▸ **Work request**
Reproduce word for word the line holding "Three measurements were" and all lines after it in the data, through the end, leaving out pictures.

▸ **Exercise materials**
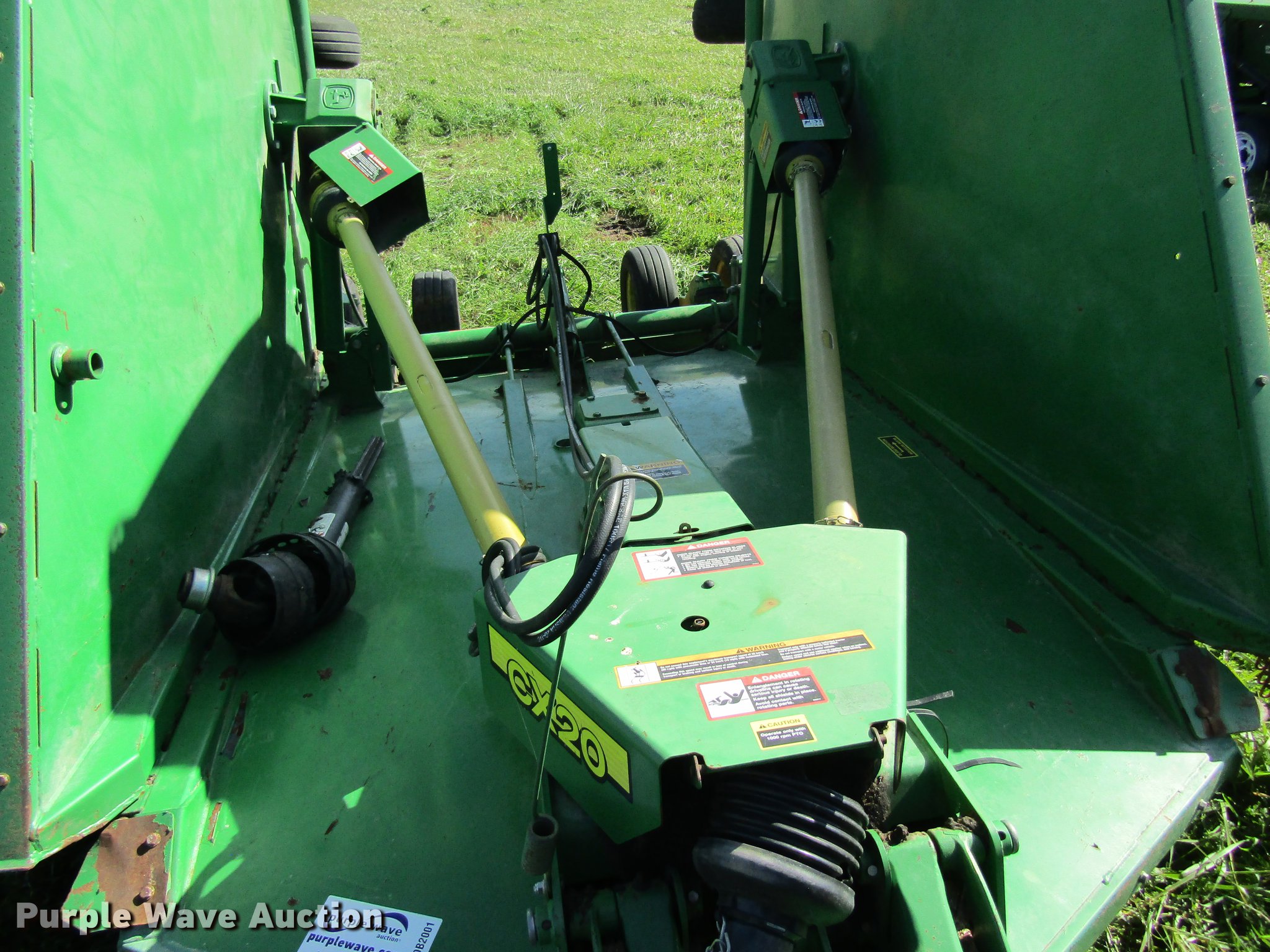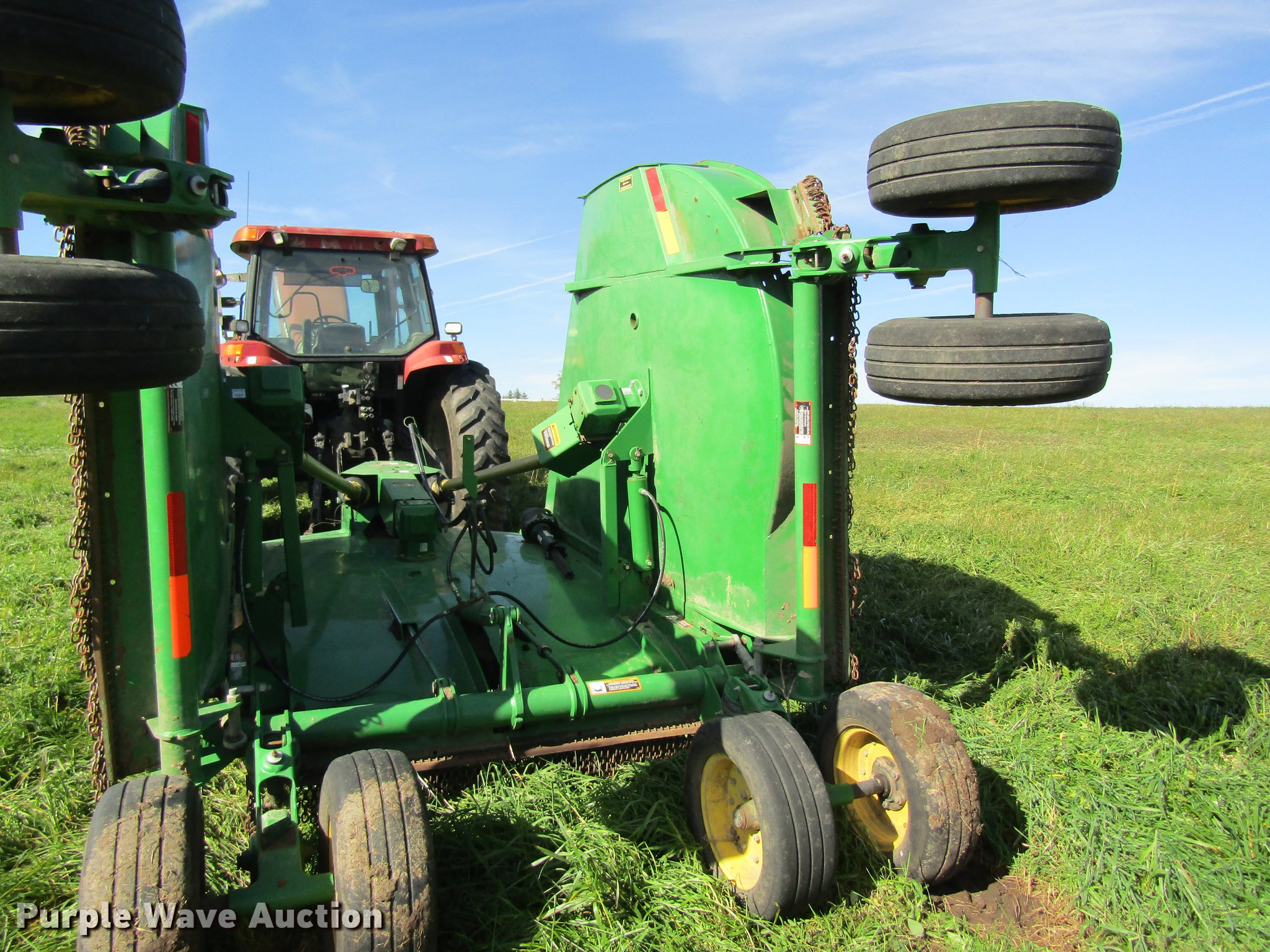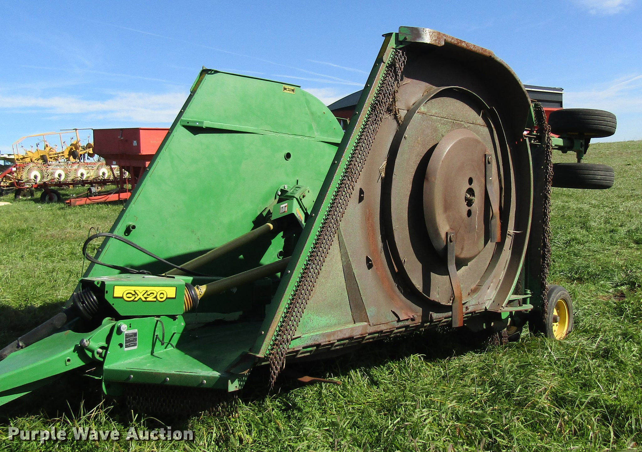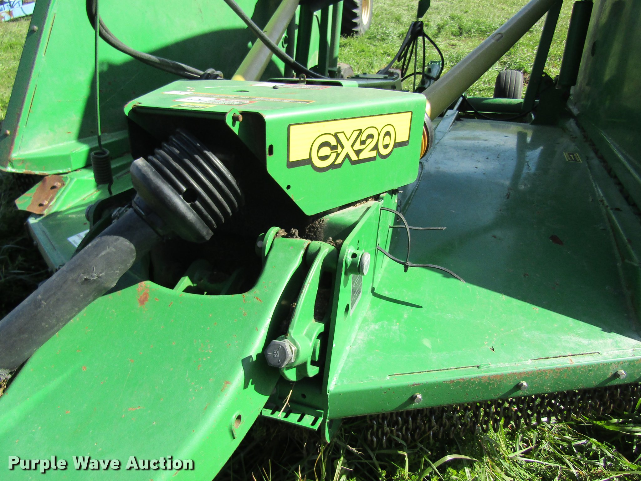 Purple Wave is selling a used Mower, Cutter, Shredder in Missouri. This item is a John Deere CX20 rotary mower with the following: 20'W, Hydraulic fold, 1000 PTO, Pin hitch, 26.9x14.5 tires, Serial 1P0CX20FJBP006685
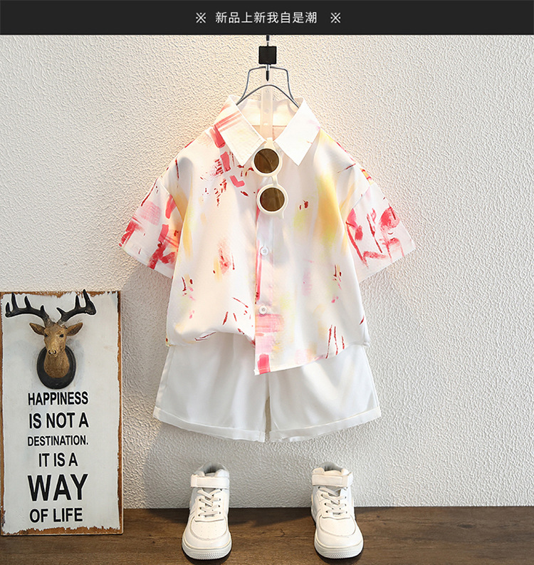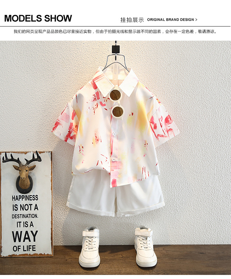 7831 Ropa para niños Camisa de manga corta para niños Traje fino de verano Camisa de moda para bebés Pantalones blancos de manga corta Traje de dos piezas
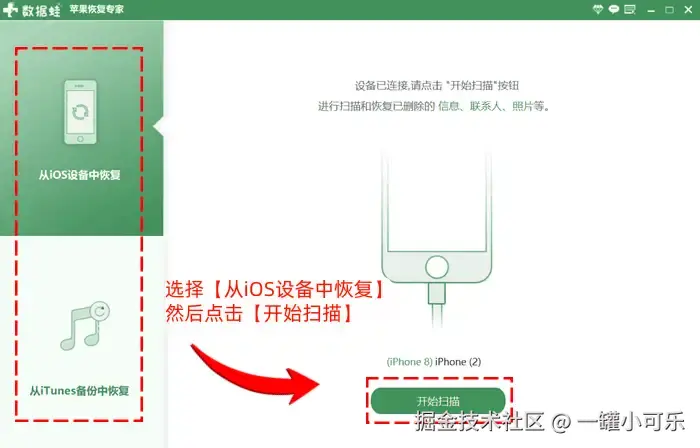 步骤1:打开软件运行,用数据线连接iPhone和电脑后,点击 【从iOS设备中恢复】-【开始扫描】 ,等待软件扫描数据完成。
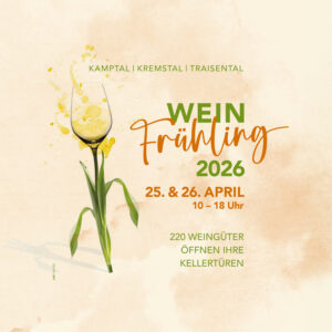 Wir machen auch heuer wieder beim gemeinsamen Weinfrühling von Kremstal, Kamptal und Traisental mit. Zu verkosten sind neben den schlanken Weinen des Jahrgangs 2025 auch Lagenweine aus den letzten Jahrgängen.
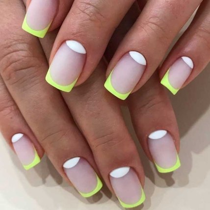 Французский маникюр никогда не выходит из моды. Для летнего сезона 2020 предлагается разнообразить привычный белый цвет улыбки. Заменить базовый цвет можно на более яркие и броские тона из стильной палитры. Еще одним прекрасным вариантом для выполнения линии улыбочки станут блестки.
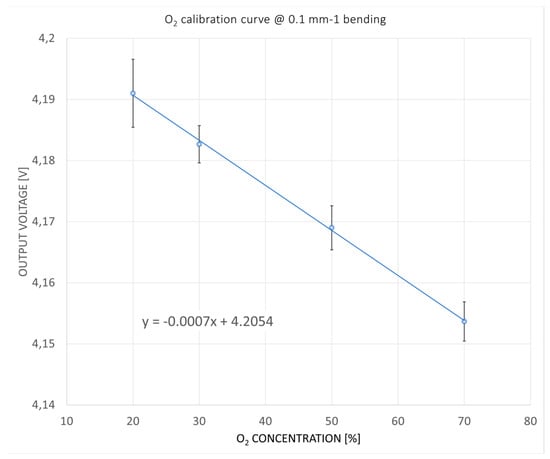 Three measurements were executed for each of the following concentration levels of O2: 20%, 30%, 50%, and 70%, as described in the methods section, for each of the three bending conditions selected: 0 mm−1, 0.05 mm−1, and 0.1 mm−1. The responses obtained for the first two configurations (0 mm−1 and 0.05 mm−1) were not significant: they were very low in magnitude and, in general, not sensitive to concentration changes, meaning that the modification of the output voltage of the sensors did not follow the concentration shift.
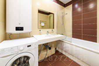 Ванная комната с полотенцами, тапочками, феном и стиральной машиной — всё для вашего удобства.
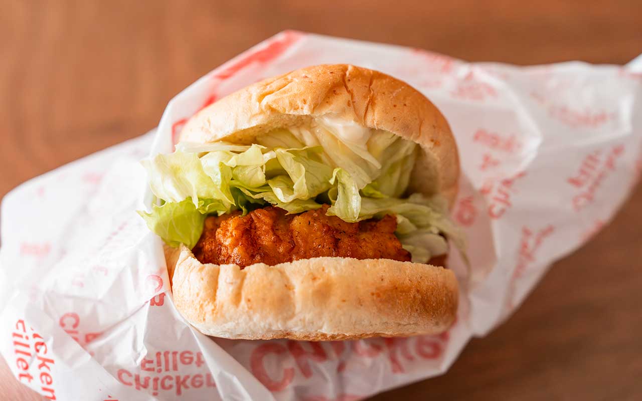 「チキンフィレバーガー」は、11種類のハーブ&スパイスで味付けしたジューシーなチキンフィレと、オリーブオイル入りのマヨソース、フレッシュなレタスの組み合わせ。
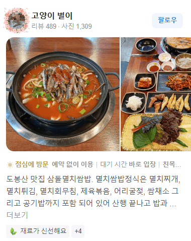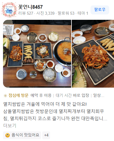 네이버 리뷰보다 카카오맵 리뷰가 더 신뢰가 가신다면, 아래에서 도봉산 삼돌멸치쌈밥의 카카오맵 리뷰를 더 보실 수 있습니다.
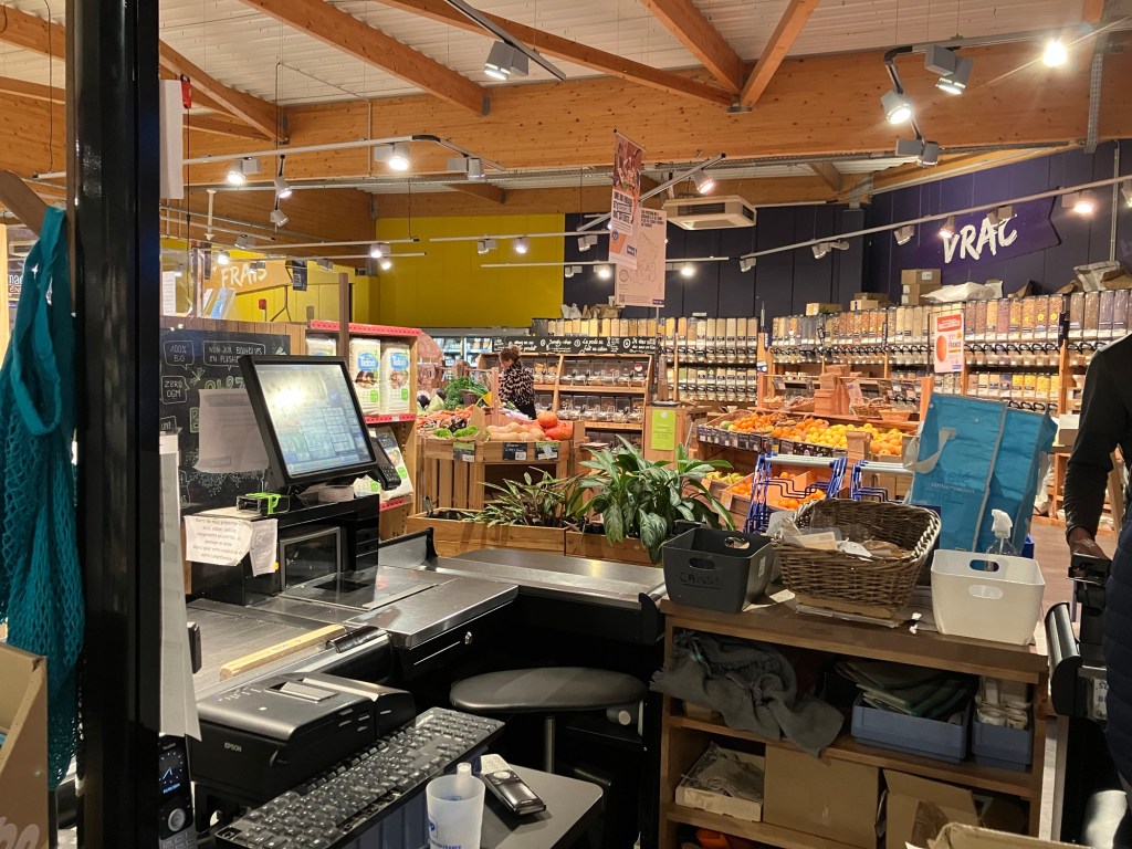 Her var alle tørrvarer i store glassbeholdere og så hadde du din egen pose med som du fyllte opp. All frukten var i papirposer og alt var økologisk. Helt greit. Vi fikk nå et par bananer og 2 frosne øko pizzaer. Men nybakt baguette kunne vi bare drømme om.
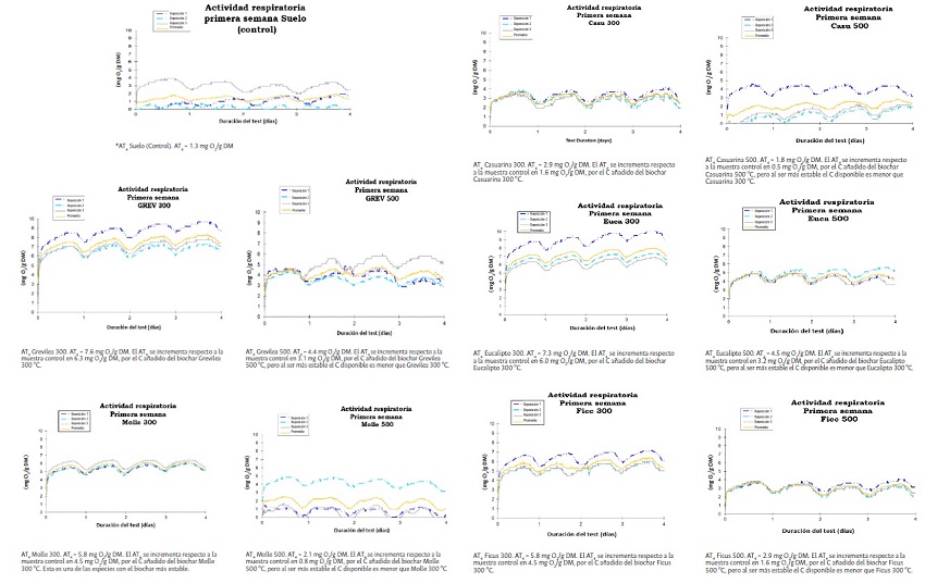 El AT4 se evaluó durante los 7 primeros días de ser añadido el biochar, por lo que la descomposición inicial es rápida, ya que se encuentra disponible el carbono lábil. Este con el tiempo debería de disminuir, puesto que empezará a utilizarse el carbono medio y posteriormente el carbono recalcitrante.

▸ **Answer box**
 Three measurements were executed for each of the following concentration levels of O2: 20%, 30%, 50%, and 70%, as described in the methods section, for each of the three bending conditions selected: 0 mm−1, 0.05 mm−1, and 0.1 mm−1. The responses obtained for the first two configurations (0 mm−1 and 0.05 mm−1) were not significant: they were very low in magnitude and, in general, not sensitive to concentration changes, meaning that the modification of the output voltage of the sensors did not follow the concentration shift.
 Ванная комната с полотенцами, тапочками, феном и стиральной машиной — всё для вашего удобства.
 「チキンフィレバーガー」は、11種類のハーブ&スパイスで味付けしたジューシーなチキンフィレと、オリーブオイル入りのマヨソース、フレッシュなレタスの組み合わせ。
 네이버 리뷰보다 카카오맵 리뷰가 더 신뢰가 가신다면, 아래에서 도봉산 삼돌멸치쌈밥의 카카오맵 리뷰를 더 보실 수 있습니다.
 Her var alle tørrvarer i store glassbeholdere og så hadde du din egen pose med som du fyllte opp. All frukten var i papirposer og alt var økologisk. Helt greit. Vi fikk nå et par bananer og 2 frosne øko pizzaer. Men nybakt baguette kunne vi bare drømme om.
 El AT4 se evaluó durante los 7 primeros días de ser añadido el biochar, por lo que la descomposición inicial es rápida, ya que se encuentra disponible el carbono lábil. Este con el tiempo debería de disminuir, puesto que empezará a utilizarse el carbono medio y posteriormente el carbono recalcitrante.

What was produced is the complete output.